= GIVEN MATERIAL =
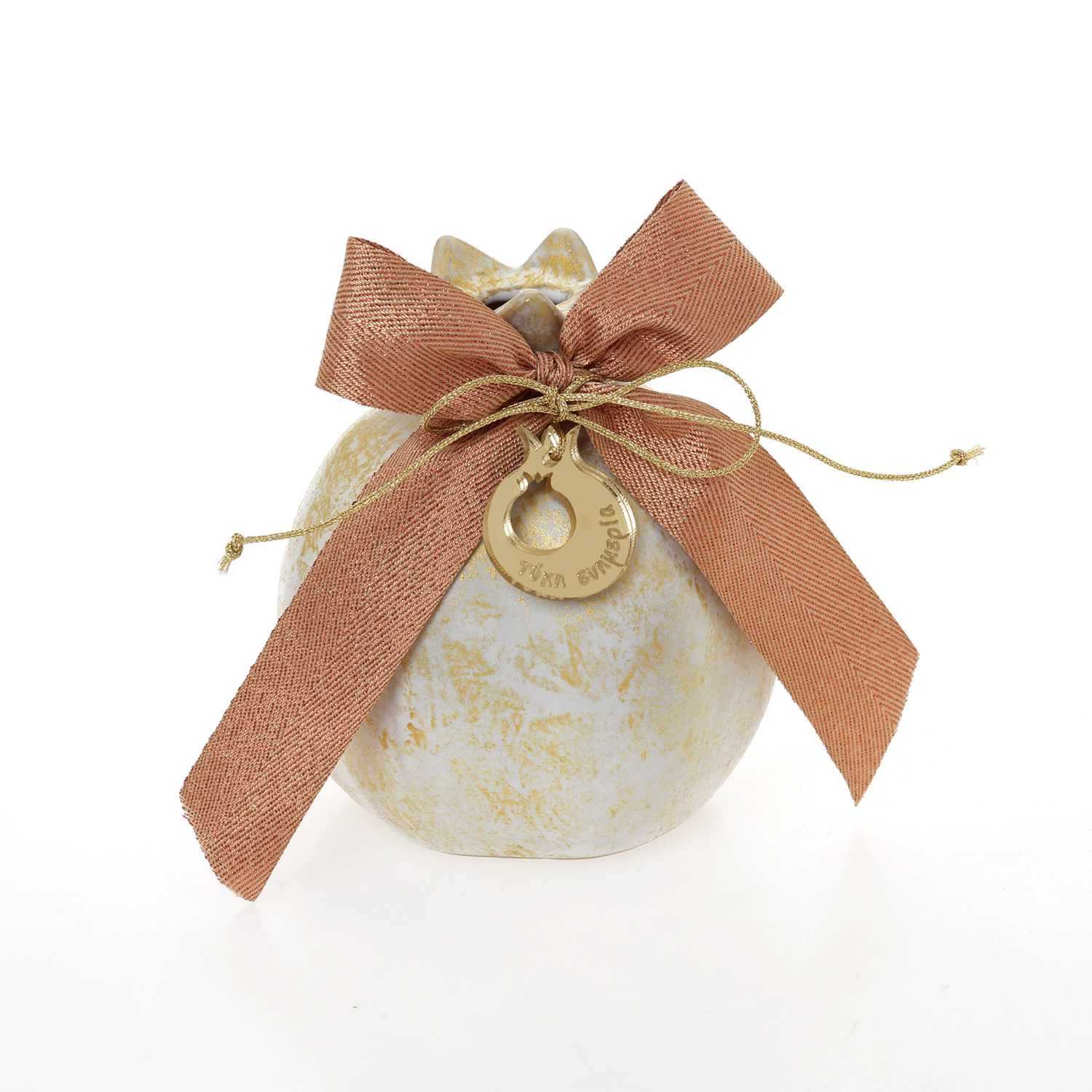 Ρόδι λευκό πορσελάνη πατίνα χρυσή στολισμένο ρόδι ευχές 9,5cm
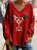 Retro Christmas Santa Claus Cocktail Print Comfortable Long Sleeve T-Shirt
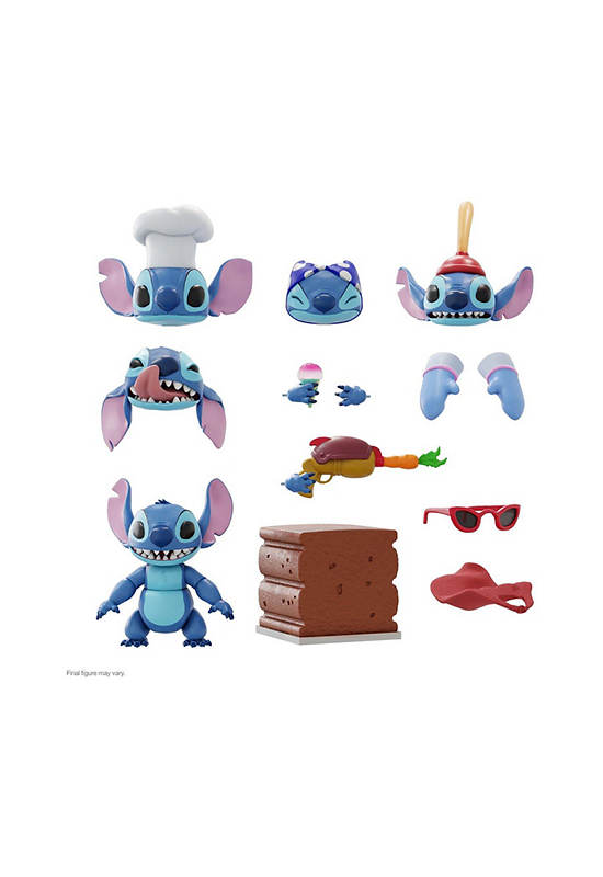 NECA This Super7 ULTIMATES! Stitch figure allows us to relive the classic animated film, Disney’s Lilo and Stitch. This 7″ highly-articulated figure comes with alternate heads and hands, carrot blaster, cake, sunglasses, and soft goods cape.
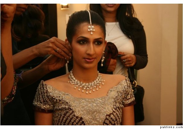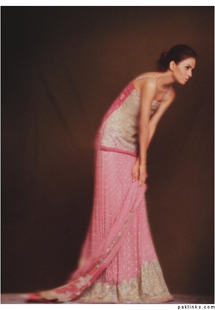 Went to their Karachi studio last month - place was swarming with ladies (like 25-30 women) in this small studio at one time. I wanted to consider them for a valima jora and they had some amazing creations in their studio. They were doing long sleeveless shirts with slips paired with lenghas and flared pants (possibly dhaka pyjamas?). They have these designs in the new 'Dulhan' and 'Libas' magazines, published recently. The colours were pretty intersting - they had a gorgeous ferozi lengha made with a gold net shirt (very delicate kaam), a couple of bridals in fuschia and one in grey net and emerald that was complete wow!

= REQUIREMENT =
In the copy, include no pictures, but repeat the listing exactly.

= REPLY =
 Ρόδι λευκό πορσελάνη πατίνα χρυσή στολισμένο ρόδι ευχές 9,5cm
 Retro Christmas Santa Claus Cocktail Print Comfortable Long Sleeve T-Shirt
 NECA This Super7 ULTIMATES! Stitch figure allows us to relive the classic animated film, Disney’s Lilo and Stitch. This 7″ highly-articulated figure comes with alternate heads and hands, carrot blaster, cake, sunglasses, and soft goods cape.
 Went to their Karachi studio last month - place was swarming with ladies (like 25-30 women) in this small studio at one time. I wanted to consider them for a valima jora and they had some amazing creations in their studio. They were doing long sleeveless shirts with slips paired with lenghas and flared pants (possibly dhaka pyjamas?). They have these designs in the new 'Dulhan' and 'Libas' magazines, published recently. The colours were pretty intersting - they had a gorgeous ferozi lengha made with a gold net shirt (very delicate kaam), a couple of bridals in fuschia and one in grey net and emerald that was complete wow!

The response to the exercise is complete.